1. Antonia
Símbolo de las juanas
La llamaban todos. Casi siempre se le veía acompañada de Fernando. Todo el tiempo en
función de ver crecer las alas de las otras. Las mujeres que nunca pudieron ser sus amigas. Por
lo mismo que el viento cortó alas, desde el mismo momento en que empezaron a crecer las
herejías.
Antonia de todos los tiempos, decían los que nunca pudieron acercarse a su entorno de
imaginarios vivos, escuetos, no solemnes. Vigía del universo inquieto. De las luces multicolores.

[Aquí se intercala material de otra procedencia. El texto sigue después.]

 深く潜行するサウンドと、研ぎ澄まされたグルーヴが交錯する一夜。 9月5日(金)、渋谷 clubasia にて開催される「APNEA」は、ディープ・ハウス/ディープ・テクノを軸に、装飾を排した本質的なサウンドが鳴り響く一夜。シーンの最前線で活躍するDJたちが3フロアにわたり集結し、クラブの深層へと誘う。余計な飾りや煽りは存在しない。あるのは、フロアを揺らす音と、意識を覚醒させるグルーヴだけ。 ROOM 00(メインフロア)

De las nubes viajeras. Inconclusas. Empecinadas en no dejar ver la huella tornasolada que se
había enquistado en ellas.
Alberta de mil ilusiones, ciertas. Venidas de la mano de todos los hombres suyos. De esos que
no habían naufragado en el propósito de conocer su voz, de cerca. En el mismo escenario en
que construyó, ella, la teoría de los propósitos vinculados con la ciencia impar, incierta,
desvertebrada. Enhiesta, en puro fuego constante. Veedora de los prodigios de esa ciencia
incierta, difuminada, espectral.
Antonia espléndida la llamaban las mujeres alojadas en el bosque de las calendas pasadas. Las
mismas que creyeron en ella, aun sin haberla vitas. Y la sintieron en primigenia angustia volátil.

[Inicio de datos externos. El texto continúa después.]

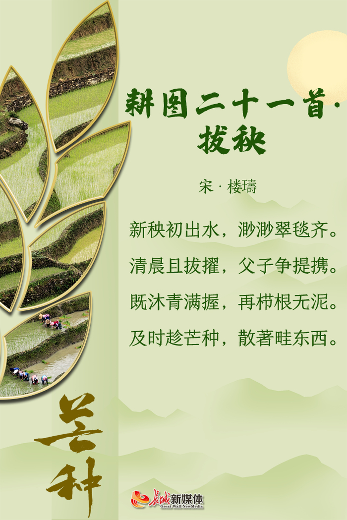 赏析:播种的秧苗出水了,浩渺的像绿颜色的毯子一样整齐。清晨就把秧拔起来,父子争相挑担。那一把青色的秧苗握在手里,及时趁着芒种,丢在田里,就要播种了。这首诗生动再现了农家拔秧苗、准备插秧的景象。秧苗提前播种下去,绿绿青青的秧苗出水后,农家要把秧苗拔起来,再插到田地里,最后在精心维护下,才能长成稻子。所以,真是“粒粒皆辛苦”。

En prístina alegría necesaria, fundamental. Y, con ellas, caminó en la noche buscando refugio
para su soledad, aupada, impávida.
Le decían liviana sombra enquistada en los arreboles; en el tinglado que ha visto todos los
pulsos. Le decían, también, invisible malla, filtro de todas las posibles causas. Aluvión en el
interregno. Entre la pausa y el olvido. Detentadora del poder inveterado. De la noción de vida
incorpórea. Viviente estampa de la ansiedad siempre latente, màs nunca perdida.
Mujer de todas las verdades juntas. Asì le dijeron todos. Cuando decidió avanzar en pos de la
ternura desahuciada. Ellos, los mismos que la habían visto descender desde el Olimpo
enervado, cual lugar de insidiosas expresiones de dioses, varones, no benévolos. Alberta de los
corazones henchidos. Propensos a claudicar, por la vìa de ser viajeros ciertos en los cuerpos de
los seguidores de la dueña de El Hatillo.

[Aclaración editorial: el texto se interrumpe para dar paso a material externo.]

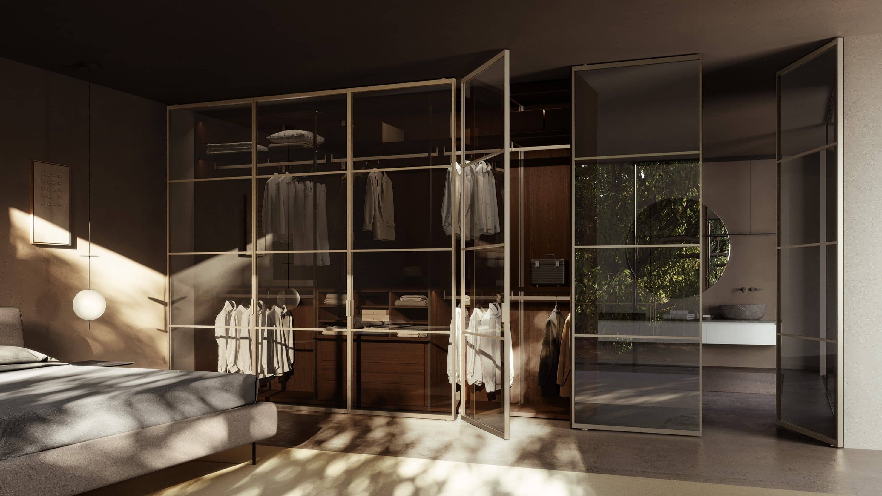 Piero Lissoni's Antibes is composed of wardrobes with single side panels in various finishes and materials that are distinguished by its coherent and minimalist look. Various compositions can be achieved by matching the Antibes wardrobe with doors with Antibes walk-in closet without doors.

Todo fue creciendo en insospechada velocidad rotativa. Refulgente. Vista desde lejos, Alberta
fue destrozando los torbellinos. Forjados en el centro convergente. El calor y la presión. Desde
el mismo significado de la fuerza física; asociada al empuje arropador. En que viajaron José
Gabriel, Camilo y José Manuel. Los tres sujetos vivos en pugna. Tras la pasión de la de todos
los tiempos. En versión notable, por lo mismo que construyeron, en perspectiva, la batalla por
el territorio y su gente. Liberación cierta en ciernes
Entonación circunscrita. Proclama de incontables voces. Así le decían, a su paso, las mujeres
que la seguían desde que la conocieron en Simacota, Onzaga, Coromoro Embelesadas, ellas,
por la arrogante trepidación del cuerpo de Antonia. Y, ella y ellas entraron en procesión. Como
marchantes innovadoras. Como tejedoras de esperanza. En esa tierra que pretendiera ser
arrasada. En donde venía creciendo la exponencial de la barbarie. En fin, en donde empezó la
incuria de las gobernanzas, a instaurar la plenitud de la desesperanza.
Cuatro caminos sintieron sus pasos. Los de ella. Y los de sus seguidores. Ya no solo los
originarios. Fueron brotando como si fueran esporas dispuestas por todo el suelo. Cada quien
como cada otro. En puro crecimiento infinito. Hombres que empezaron a discernir. Alrededor de
la propuesta ígnea. Mujeres de vuelo insumiso. Juanas de incontenible paso libertario
Y llegaron a lo que sería, en todo el tiempo por venir, puerto de convergencia y permanencia.
Todos y todas. Con predisposición constante. En aplicación de la heredad cierta, heterodoxa.
2. De los saberes acumulados. De las experiencias no filtradas. De los insumos coloquiales, pero
sòlidos. Combinación de postulados construidos en nervio de amplio espectro.